Ask HN: Going from Redis to MySQL. Good idea?
We are building a SaaS backend for restaurants using Rails. We integrate directly with POS, so each POS keeps sending customer orders that we store for later processing. we have this POS integration going at about 1,000 locations which send us about 3 Million individual customer orders on monthly basis.
for this write-heavy app, we store all orders in redis which is working beautifully. We are growing at incredible pace, we keep adding new restaurants with hundreds of locations that keep sending us crazy amount of data. Except there is one problem -- redis keeps running out of memory every month! As, everything which doesn't have to be in memory is in memory.

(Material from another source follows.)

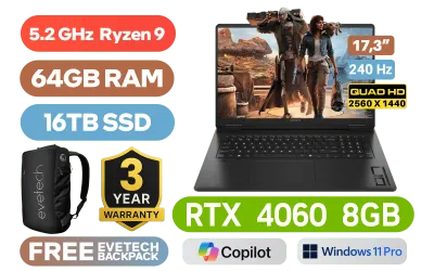 OMEN by HP Laptop 17-db0000ni AMD Ryzen 9 8945HS up to 5.2GHz Processor with AMD Max Boost Clock Technology, 16MB Cache, 8x Cores, 16x Threads / 64GB DDR5 RAM / 16TB Ultra-Fast NVME SSD / 17.3" QHD 2560x1440 Anti-glare 240Hz Refresh Rate With IPS-Level micro-edge Display / NVIDIA 40 Series GeForce RTX 4060 8GB GDDR6 Dedicated Graphics / <span style="font-size: 20px; color: #00BFFF; font-weight: bold;">Windows 11 Professional (64bit)</span> / Realtek Wi-Fi 6 802.11ax Wireless LAN / Bluetooth 5.3 / HP True Vision 1080p FHD camera with temporal noise reduction and integrated dual array digital microphones / 3x USB Type-A / 1x USB Type-C / 1x RJ-45 / 1x HDMI 2.1 / 1x Headphone and Microphone Combo Jack / RGB Backlit Keyboard / Audio by HyperX; DTS:X® Ultra; Dual speakers; HP Audio Boost / HP OMEN 17 Ryzen 9 RTX 4060 Gaming Laptop DealOMEN by HP Laptop 17-db0000ni AMD Ryzen 9 8945HS up to 5.2GHz Processor with AMD Max Boost Clock Technology, 16MB Cache, 8x Cores, 16x Threads / 64GB DDR5 RAM / 16TB Ultra-Fast NVME SSD / 17.3" QHD 2560x1440 Anti-glare 240Hz Refresh Rate With IPS-Level micro-edge Display / NVIDIA 40 Series GeForce RTX 4060 8GB GDDR6 Dedicated Graphics / Windows 11 Professional (64bit) / Realtek Wi-Fi 6 802.11ax Wireless LAN / Bluetooth 5.3 / HP True Vision 1080p FHD camera with temporal noise reduction and integrated dual array digital microphones / 3x USB Type-A / 1x USB Type-C / 1x RJ-45 / 1x HDMI 2.1 / 1x Headphone and Microphone Combo Jack / RGB Backlit Keyboard / Audio by HyperX; DTS:X® Ultra; Dual speakers; HP Audio Boost / HP OMEN 17 Ryzen 9 RTX 4060 Gaming Laptop Deal [A76U4EA/64GB/16TB] / 3 YEARS WARRANTY / [+] GET FREE EVETECH NEO Premium Gaming Backpack+ FREE DELIVERY !

This is why we contemplating to switch to mysql. As we really don't need to keep all data in memory. here are we numbers of current redis database:
used_memory_human:39.83G
dbsize: 34706870
Here is what we store in redis as Hash: id - integer
location_id - integer
stored_at - timestamp
token - string
transaction_no - integer
menu_items - string(comma seprated list of all menu items that customer ordered along with their price & Qty)
order_amount - decimal
order_subtotal_amount - decimal
order_amount_payable - decimal
order_datetime - timestamp
employee_id - integer
employee_name - string
pos_type - string
post_version - string
restaurant_id - integer
So, looking for some advice on:1. moving from redis to mysql is good idea? how will it effect us in long run as we will need to keep updating our indexes & partition scheme to cater to huge demand.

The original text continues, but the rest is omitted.